US 12,469,513 B2
System and method for replicating background acoustic properties using neural networks
Dushyant Sharma, Tracy, CA (US); James Wellford Fosburgh, Syracuse, NY (US); and Patrick Aubrey Naylor, Reading (GB)
Assigned to Microsoft Technology Licensing, LLC, Redmond, WA (US)
Filed by Microsoft Technology Licensing, LLC, Redmond, WA (US)
Filed on Dec. 6, 2022, as Appl. No. 18/075,573.
Prior Publication US 2024/0185875 A1, Jun. 6, 2024
Int. Cl. G10L 21/0232 (2013.01); G10L 21/0208 (2013.01); G10L 21/0264 (2013.01); G10L 21/034 (2013.01); G10L 25/18 (2013.01); G10L 25/30 (2013.01)

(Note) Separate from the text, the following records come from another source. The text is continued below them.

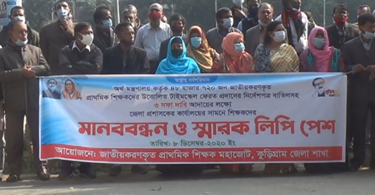 মানববন্ধনে বক্তব্য দেন প্রাথমিক শিক্ষক মহাজোট কুড়িগ্রাম জেলা কমিটির আহ্বায়ক মোছা. শাহনাজ পারভীন, যুগ্ম আহ্বায়ক কামরুজ্জামান বকসী, ভুরুঙ্গামারী উপজেলা সাধারণ সম্পাদক মো. আলফাজ আলম প্রমুখ। পরে শিক্ষকরা জেলা প্রশাসকের মাধ্যমে প্রধানমন্ত্রী বরাবর স্মারকলিপি প্রদান করেন।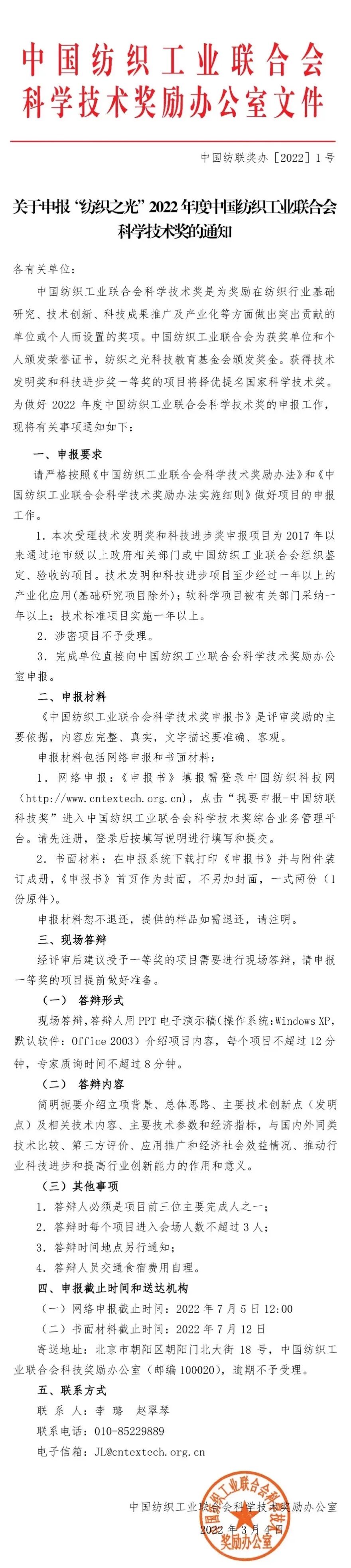 中国纺织工业联合会科学技术奖是为奖励在纺织行业基础研究、技术创新、科技成果推广及产业化等方面做出突出贡献的单位或个人而设置的奖项。中国纺织工业联合会为获奖单位和个人颁发荣誉证书,纺织之光科技教育基金会颁发奖金。获得技术发明奖和科技进步奖一等奖的项目将择优提名国家科学技术奖。为做好 2022 年度中国纺织工业联合会科学技术奖的申报工作,现将有关事项通知如下: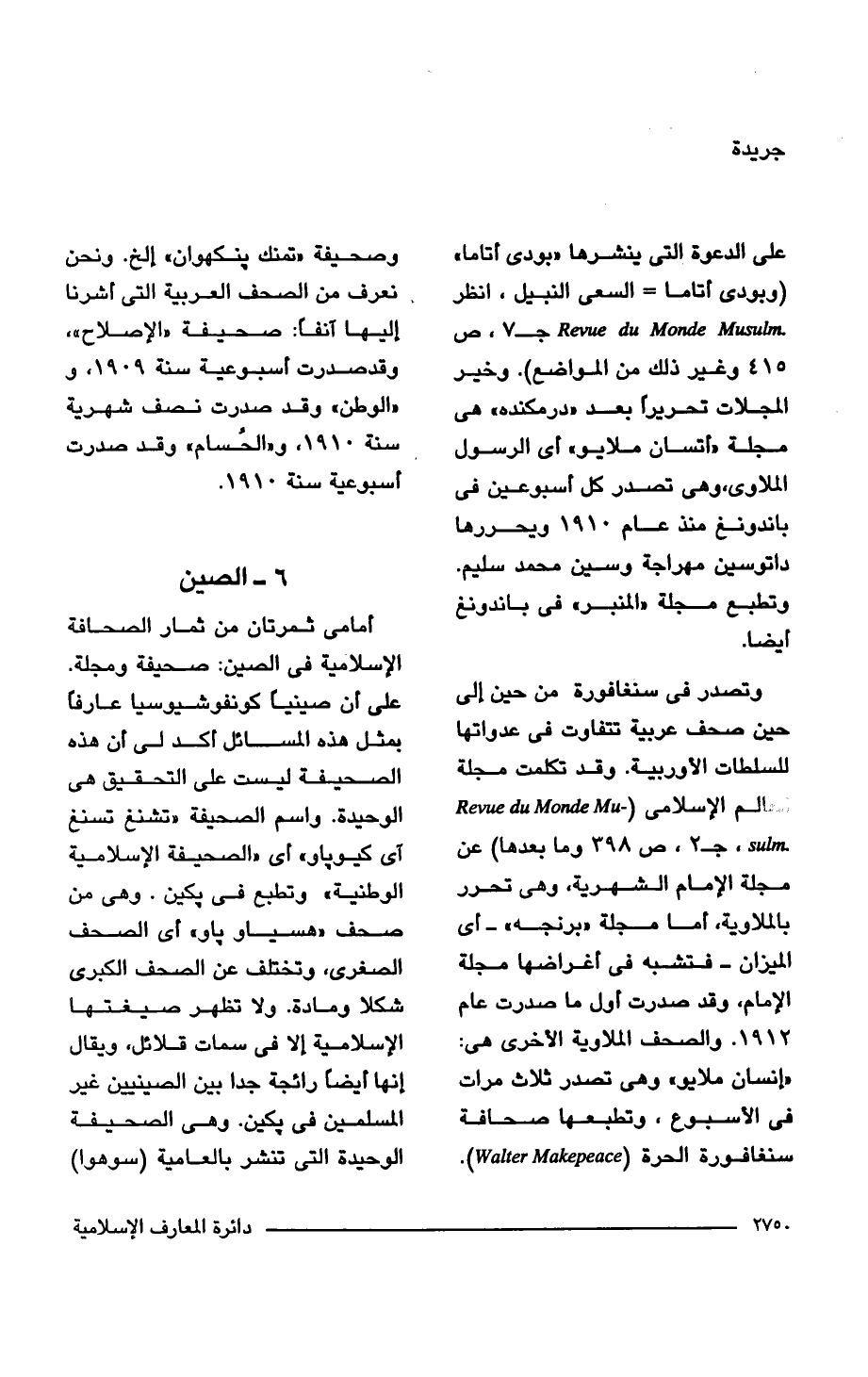وتصدر في سنغافورة من حين إلى حين صحف عربية تتفاوت في عدواتها للسلطات الأوربية. وقد تكلمت مجلة العالم الإسلامي (Mu- Revue du Monde sulm-، جـ 2، ص 398 وما بعدها) عن مجلة الإمام الشهرية، وهي تحرر بالملاوية، أما مجلة "برنجه" -أي الميزان- فتشبه في أغراضها مجلة الإمام، وقد صدرت أول ما صدرت عام 1912. والصحف الملاوية الأخرى هي: "إنسان ملايو" وهي تصدر ثلاث مرات في الأسبوع، وتطبعها صحافة سنغافورة الحرة (Walter Makepeace) . وصحيفهَ "تمنك بنكهوان" الخ. ونحن نعرف من الصحف العربية التي أشرنا إليها آنفًا: صحيفة "الإصلاح"، وقد صدرت أسبوعية سنة "الوطن" وقد صدرت نصف شهرية سنة 1910، و"الحُسام" وقد صدرت أسبوعية سنة 1910.

CPC G10L 21/0232 (2013.01) [G10L 21/0264 (2013.01); G10L 21/034 (2013.01); G10L 25/18 (2013.01); G10L 25/30 (2013.01); G10L 2021/02082 (2013.01)] 20 Claims
OG exemplary drawing
 
1. A computer-implemented method, executed on a computing device, comprising:
receiving a target audio signal segment recorded in a target acoustic environment, wherein a speech processing system is deployed in the target acoustic environment;
receiving an input audio signal segment generated by a text-to-speech (TTS) system, wherein background acoustic properties of the input audio signal segment mismatch background acoustic properties of the target audio signal segment;
estimating noise spectrum from the target audio signal segment;
generating an acoustic neural embedding from the target audio signal segment;
estimating loss associated with processing the target audio signal segment with the speech processing system;
generating an augmented audio signal segment with background acoustic properties matching the background acoustic properties of the target audio signal segment by processing the input audio signal segment to add noise and reverberation in accordance with the noise spectrum, the acoustic neural embedding, and the estimated loss associated with processing the target audio signal segment with the speech processing system, wherein a loss associated with processing the augmented audio signal segment with the speech processing system is within a threshold difference of the estimated loss associated with processing the target audio signal segment with the speech processing system; and
training the speech processing system based on training data that includes the augmented audio signal segment.